For anyone under 40, a private health check is still worthwhile if there is a meaningful family history, known metabolic or hormonal conditions, persistent unexplained symptoms, or simply a desire to understand your baseline health before problems arise. Prevention is considerably more straightforward than treatment.
Frequently Asked Questions
What is the difference between a health check and a health screening?
A health check is a broad assessment of overall health by a GP, including examination and blood tests. A screening is a specific test for one condition in a population without symptoms — such as cervical smears or bowel cancer screening.

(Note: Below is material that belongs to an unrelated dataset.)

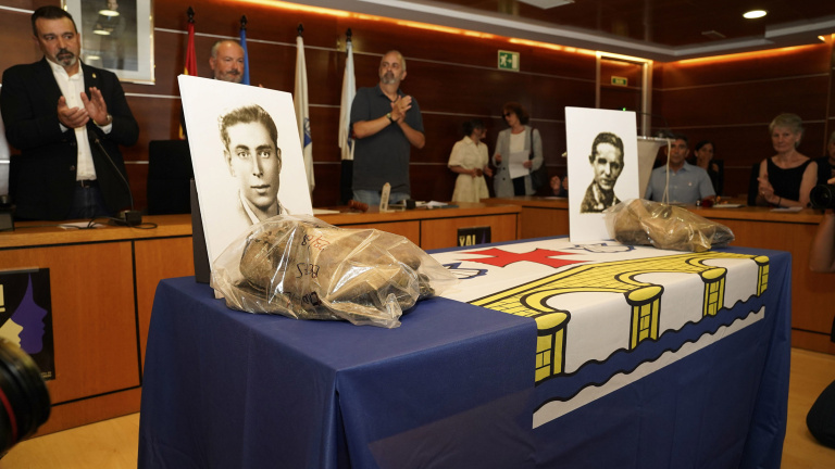 Los restos de ambos asesinados han entrado en el salón de plenos de Culleredo (A Coruña) con música de gaitas y han quedado cubiertos por sendas banderas gallegas y otras tantas rosas rojas, mientras sus familias los recibían visiblemente emocionadas y, además, han sido entregadas las botas de ambos, todavía bien conservadas. El emotivo acto ha acabado con el himno gallego.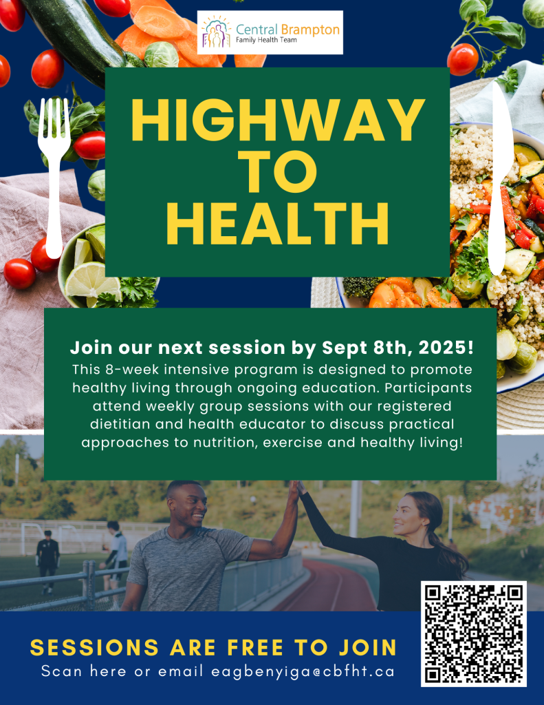 The Health & Lifestyle Education Program at Central Brampton Family Health Team (CBFHT) aims to promote overall wellness and empower patients to adopt healthy lifestyle choices. Through comprehensive education, personalized guidance, and access to specialized healthcare professionals, the program supports individuals in improving their health outcomes and quality of life.

Do I need to fast before a private health check?
For cholesterol, blood glucose, and HbA1c tests, fasting for 8 to 12 hours beforehand gives the most accurate results. For other blood markers, no fasting is needed. Drink water as normal and your GP will confirm requirements when you book.
How long does a private health check take?
A comprehensive private health check at The Private GP takes approximately 45 to 60 minutes, including the physical examination, ECG, blood draw, and GP consultation. Blood test results follow within one to three working days.
At what age should I start having private health checks?
There is no fixed rule. Many people start around 40, particularly if they have risk factors. Those with a family history of early heart disease, diabetes, or cancer may benefit from starting earlier. Your GP can advise based on your individual circumstances.
Will a private health check detect cancer?
A standard health check is not a cancer screening programme. Some markers — such as PSA for prostate cancer risk — can provide useful information, but most cancers cannot be reliably detected through a blood test alone. If you have symptoms or specific concerns, discuss these with your GP who can arrange targeted investigation.